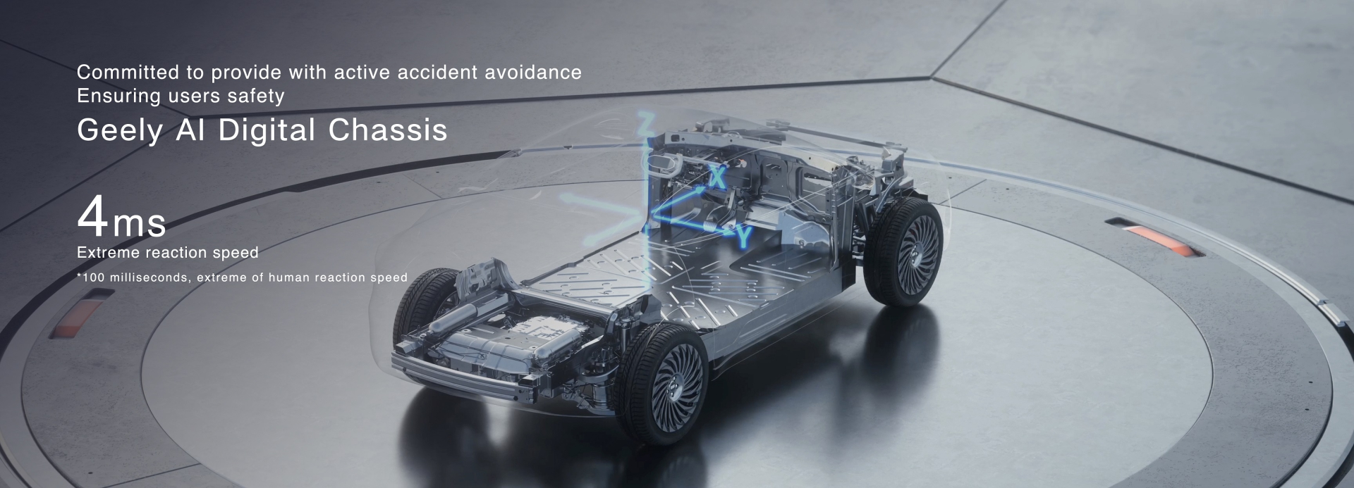 Geelyjeva samorazvijena AI digitalna šasija ističe integraciju vlastite tehnologije šasije, inteligencije, elektrifikacije i velikih AI modela na više područja, što pokazuje vodeće sposobnosti autonomne vožnje i aktivne sigurnosti u industriji. Ova integracija AI velikog modela s digitalnim šasijom omogućuje Geelyjevim vozilima izvođenje svjetskih prvih autonomnih driftova, poboljšavajući inteligentnu sigurnosnu pomoć korisnicima. Geely AI digitalni šasija reagira u samo 4 milisekunde, 25 puta brže od najbrže ljudske reakcije, omogućavajući "automatske izbjegavajuće manevre" u ekstremnim uvjetima i pružajući korisnicima proaktivnu prevenciju nesreća i kontrolu sigurnosti.
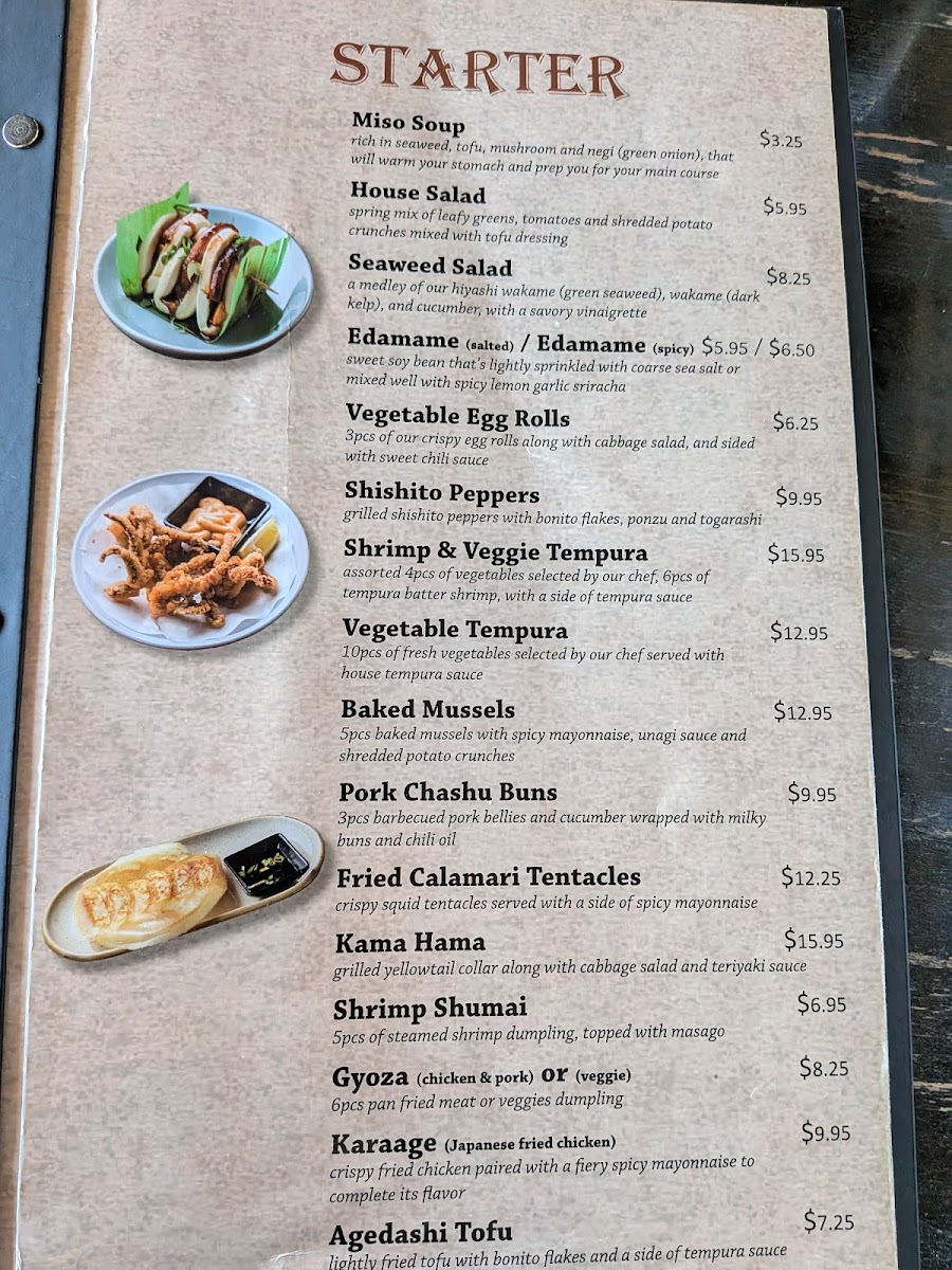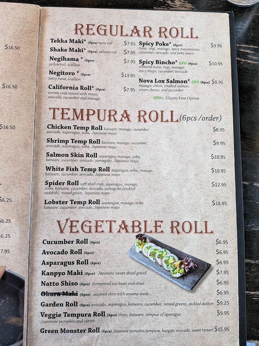 asparagus, masago, ooba, kaiware, cucumber, avocado, mixed greens, yamagobo, Japanese mayonnaise and soft shell crab tempura
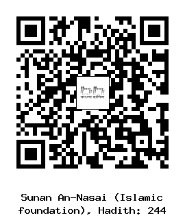 ২৪৪। আহমদ ইবনু সুলায়মান (রহঃ) ... আবূ সালামা ইবনু আবদুর রহমান (রহঃ) থেকে বর্ণিত। তিনি বলেনঃ আয়িশা (রাঃ) আমার নিকট বর্ণনা করেছেন যে, রাসুলুল্লাহ সাল্লাল্লাহু আলাইহি ওয়াসাল্লাম যখন জানাবাতের গোসল করতেন, তাঁর জন্য পানি রাখা হত, তখন তিনি তাঁর হাতদ্বয়কে পাত্রে ঢুকাবার পূর্বে তাঁর উপর পানি ঢেলে নিতেন। তারপর যখন উভয় হাত ধুয়ে নিতেন তখন তিনি নিজ ডান হাত পাত্রে ঢুকাতেন। তারপর ডান হাত ধৌত করতেন আর বাম হাতে তাঁর লজ্জাস্থান ধৌত করতেন। এ কাজ শেষ করার পর তিনি ডান হাতে বাম হাতের উপর পানি ঢালতেন। এভাবে উভয় হাত ধুয়ে ফেলতেন। তারপর তিনি তিন বার কুলি করতেন এবং নাকে পানি দিতেন। তারপর উভয় হাতের তালুভরে মাথায় তিনবার পানি ঢালতেন। তারপর দেহে পানি ঢালতেন।
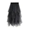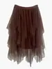 Falda de malla irregular para mujer, primavera 2023, estilo coreano, corte A, cintura alta, combinable, midi, falda de estudiante con velo
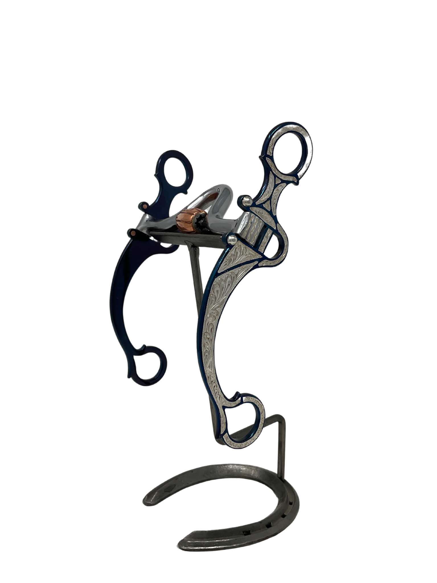 Blued finish with inlaid sterling silver, no slobber bar or chains, and flared cheeks. Our standard mouthpiece width is 5 1/8″. For custom bit orders please click on B/B Silver Bits-Custom orders

==========

Task to carry out:
Your task is to repeat only the lines from the line containing "asparagus, masago, ooba, kaiware, cucumber, avocado, mixed" through the final line of the material, inclusive; do not include pictures.

Answer area:
 asparagus, masago, ooba, kaiware, cucumber, avocado, mixed greens, yamagobo, Japanese mayonnaise and soft shell crab tempura
 ২৪৪। আহমদ ইবনু সুলায়মান (রহঃ) ... আবূ সালামা ইবনু আবদুর রহমান (রহঃ) থেকে বর্ণিত। তিনি বলেনঃ আয়িশা (রাঃ) আমার নিকট বর্ণনা করেছেন যে, রাসুলুল্লাহ সাল্লাল্লাহু আলাইহি ওয়াসাল্লাম যখন জানাবাতের গোসল করতেন, তাঁর জন্য পানি রাখা হত, তখন তিনি তাঁর হাতদ্বয়কে পাত্রে ঢুকাবার পূর্বে তাঁর উপর পানি ঢেলে নিতেন। তারপর যখন উভয় হাত ধুয়ে নিতেন তখন তিনি নিজ ডান হাত পাত্রে ঢুকাতেন। তারপর ডান হাত ধৌত করতেন আর বাম হাতে তাঁর লজ্জাস্থান ধৌত করতেন। এ কাজ শেষ করার পর তিনি ডান হাতে বাম হাতের উপর পানি ঢালতেন। এভাবে উভয় হাত ধুয়ে ফেলতেন। তারপর তিনি তিন বার কুলি করতেন এবং নাকে পানি দিতেন। তারপর উভয় হাতের তালুভরে মাথায় তিনবার পানি ঢালতেন। তারপর দেহে পানি ঢালতেন।
 Falda de malla irregular para mujer, primavera 2023, estilo coreano, corte A, cintura alta, combinable, midi, falda de estudiante con velo
 Blued finish with inlaid sterling silver, no slobber bar or chains, and flared cheeks. Our standard mouthpiece width is 5 1/8″. For custom bit orders please click on B/B Silver Bits-Custom orders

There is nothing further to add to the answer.